Client agrees to notify WV immediately if he/she discovers or suspects any security vulnerability on the site. Users who misuse or attempt to exploit any security vulnerability, or suspected security vulnerability, or users who publicly reveal the personal information of any WV user will be banned from WV, and earnings forfeited.
Under no circumstances does WV allow botnets. Clients or users suspected of running a botnet will be banned from WV.
This Agreement does not transfer to the Client any ownership or proprietary rights in the Technology or any work or any part thereof, and all right, title and interest in and to the Technology will remain solely with WV and its partners.
The Client is not purchasing title or rights to any technology. If the Client is approved to use WV’s services, the Client is permitted to use WV technology only as enabled and attended through its WV account through the website and only during the Contract Term. That permission is for the sole purpose of enabling the Client to use WV’s services in the manner permitted by this Agreement.
Your rights under this Agreement are not transferable to any other person without WV’s prior express written consent.
The Client agrees to indemnify, defend and hold harmless WV and its holding companies from and against any third party claims, liability, damages or costs (including reasonable attorneys’ fees) arising from the Clients’ negligence; or any claim by a third party alleging that Clients’ use of our Services violates the rights of any third party, or violates any Law; the Clients’ failure to comply with the terms of this Agreement; the Clients’ violation of any applicable law; the Clients’ violation of any rights of a third party; or the Clients’ use of our Services.
10. Service Liability
Except where permitted by Singaporean law, WV will not be responsible for the Clients’ loss of profits and revenues or any indirect, special, consequential, exemplary, incidental or punitive damages.
To the extent permitted by Singaporean law, the total liability of WV for any claims under this Agreement including for any implied warranties, is limited to the amount the Client paid WV to us its Services.
In all cases, WV will not be liable for any loss or damage to the Client that is not reasonably foreseeable.
If one or more provisions of this Agreement are held to be unenforceable under Singaporean law, the Parties agree to renegotiate any such provision in good faith.
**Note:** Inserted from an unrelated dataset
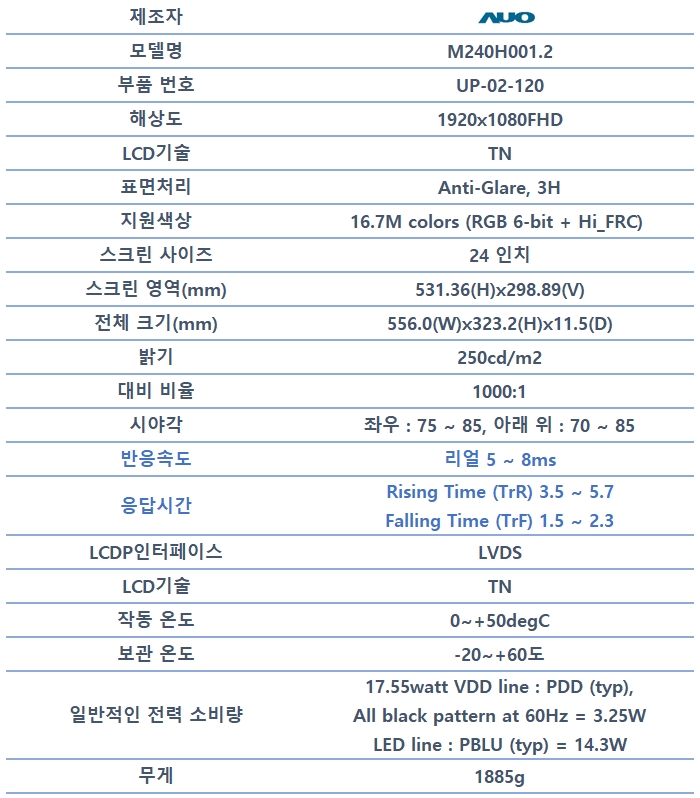 오늘의 리뷰는 AUO 24인치 M240HTN01.2 패널, 리얼 반응속도 인풋렉, 주사율, 정보 입니다.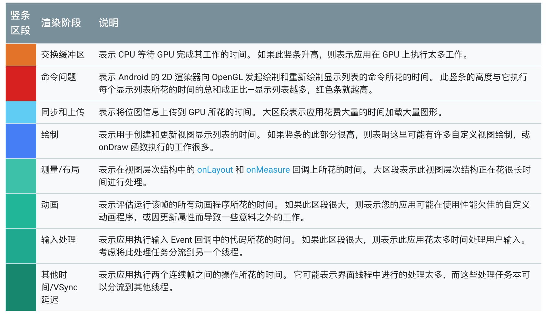 在官方文档 《检查 GPU 渲染速度和绘制过度》中,我们还可以开启Profile GPU Rendering检查。在Android 6.0之后,会输出下面的计算和绘制每个阶段的耗时:

In the event that the Parties cannot reach a mutually agreeable and enforceable replacement for such provision, then (a) such provision shall be excluded from this Agreement, (b) the balance of this Agreement shall be interpreted as if such provision were so excluded, and (c) the balance of this Agreement shall be enforceable in accordance with its terms.
12. Governing Law & Jurisdiction
The Parties agree that the laws of Singapore shall govern the validity and interpretation of this Agreement and all acts and transactions pursuant hereto and all rights and obligations of the Parties, and that jurisdiction and/or venue of any action involving the validity, interpretation or enforcement of this Agreement or any of its terms, provisions or obligations, or claiming any breach hereof or thereof, shall exist exclusively in Singapore’s court(s).
The aforementioned choice of venues is intended by the Parties to be mandatory and not permissive in nature, thereby precluding the possibility of litigation between the Parties with respect to or arising out of this Agreement in any jurisdiction other than that specified in this clause.
Each Party hereby waives any right it may have to assert the doctrine of forum non conveniens or any similar doctrine or to object to venue with respect to any proceeding brought in accordance with this clause, and each Party stipulates that the aforementioned courts shall have in personam jurisdiction and venue over the Parties for the purpose of litigating any dispute, controversy, or proceeding arising out of or related to this Agreement.
The Parties hereby submit to the jurisdiction and venue of such courts and waive any right to challenge or otherwise object to personal jurisdiction or venue in any action commenced or maintained in such courts.